Faster, Higher, Stronger: Characterization, Optimization, and Discovery of Additive Manufactured Materials with Synchrotron Methods
Materials Measurement Science Division
National Institute of Standards and Technology
The U.S. Department of Commerce
Manufacturing is an engine of the U.S. economy and a pillar of national security. Advanced manufacturing, encompassing innovative manufacturing methods and products made possible by these methods, enables continuous technology development, increases productivity, and serves as the fundamental driving force behind creating new industrial sectors. The high value-added, often associated with advanced manufacturing, ensures a strong U.S. manufacturing industry and its leadership in the face of intense global competition.

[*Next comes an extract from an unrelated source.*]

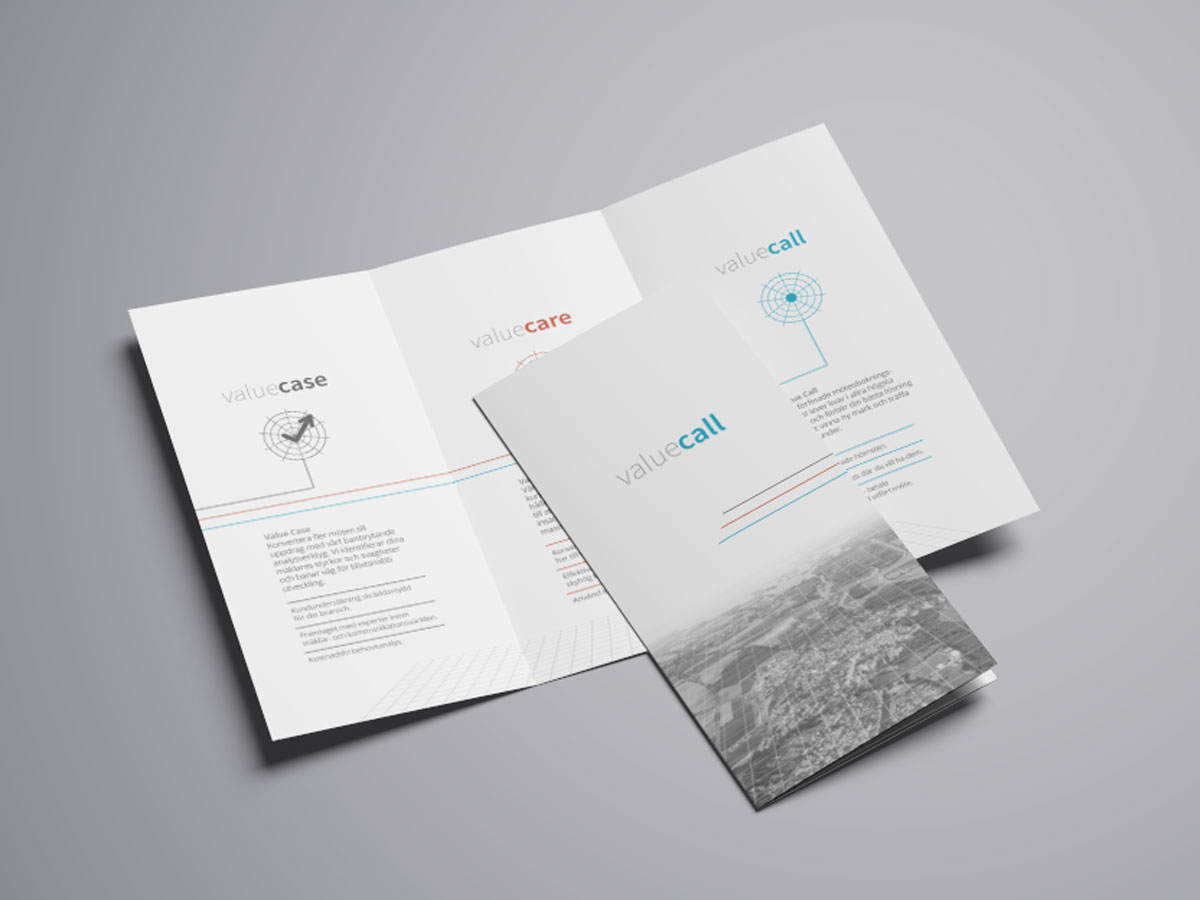 Designen bygger på det makroperspektiv som Value Call kan hjälpa sina kunder att inta. Symbolerna för tanken till en radarskärm eller måltavla. Bilder och illustrationer visar på överblick och träffsäkerhet. Stilen är modern och självsäker.

Synchrotron X-ray-based techniques represent a frontier of materials characterization. Because of their penetration ability and time resolution, high-energy X-rays are well suited to probe the structure-property relationship of almost all materials and have an essential role in modern materials science and engineering research. They have significantly impacted many advanced manufacturing technologies, including additive manufacturing (AM), an emerging fast-growing manufacturing domain with increasing industrial investment and adoption.
AM is unique in that the material is built simultaneously as a component. The nonequilibrium AM processes introduce a highly heterogeneous microstructure across multiple length scales. A proper understanding of the properties and behaviors of AM materials, including the build process, presents a significant challenge to the construction of the processing-structure-performance relationship of the final product and the certification of materials with predictable properties. Using examples, we will demonstrate the importance of synchrotron-based characterization techniques in understanding AM materials processing and their roles in validating and benchmarking computer modeling and simulations. We will focus on the unique capabilities of synchrotron methods on AM materials characterization, optimization, and discovery and highlight their contribution to the development of AM technology and industrial innovation.

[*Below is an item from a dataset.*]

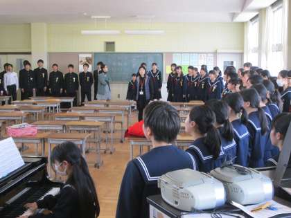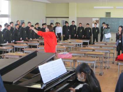 1年生は、卒業生を感動させるために、教師・生徒ともに気合いを入れて歌の練習をしています。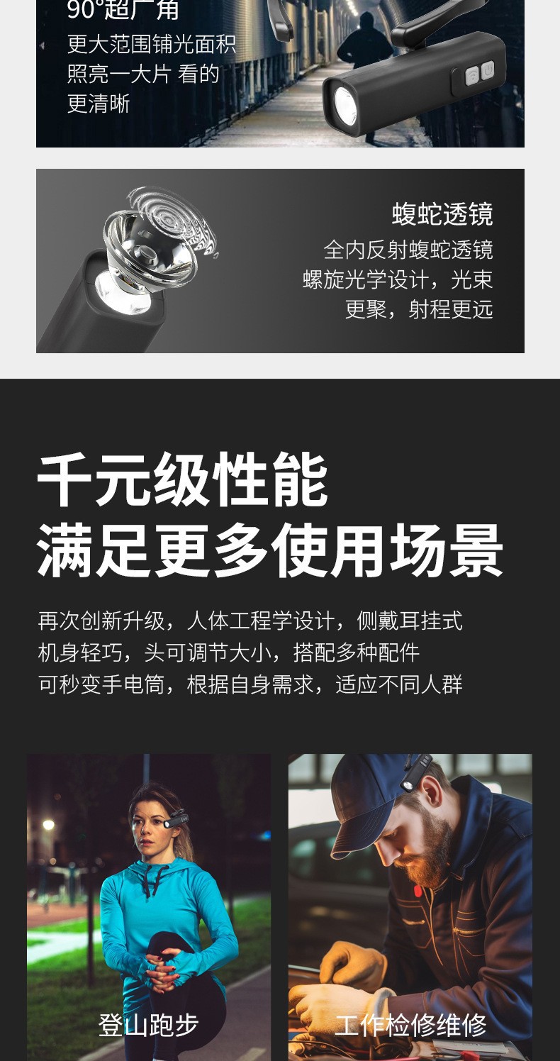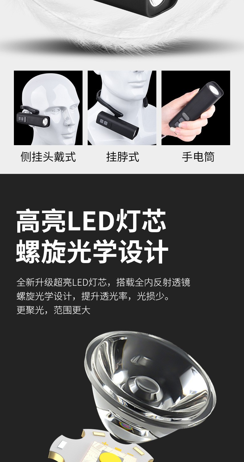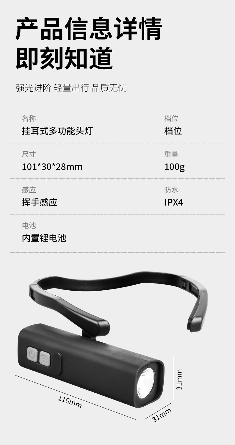 Портативная повязка на голову, боковая сенсорная фара, зарядка через USB, подключение Bluetooth, наушная фара, легкий налобный фонарик

Fan Zhang is a Physicist at the U.S. Department of Commerce’s National Institute of Standards and Technology. He holds a Ph.D. in Physics from the University of Pennsylvania. Dr. Zhang is a long-term synchrotron technique developer, user, and advocate. He has served on many committees for the U.S. light sources and neutron facilities, including chairing the Advanced Photon Source User Organization, the largest user organization in the country.
Dr. Zhang specializes in multi-scale materials characterization using synchrotron-based scattering, diffraction, and imaging methods and leads NIST’s use of synchrotron methods to characterize the advanced manufacturing processes. He is a recipient of the U.S. Department of Commerce Bronze Medal and the TMS Nagy El-Kaddah Award in Material Processing for his research on additive manufacturing.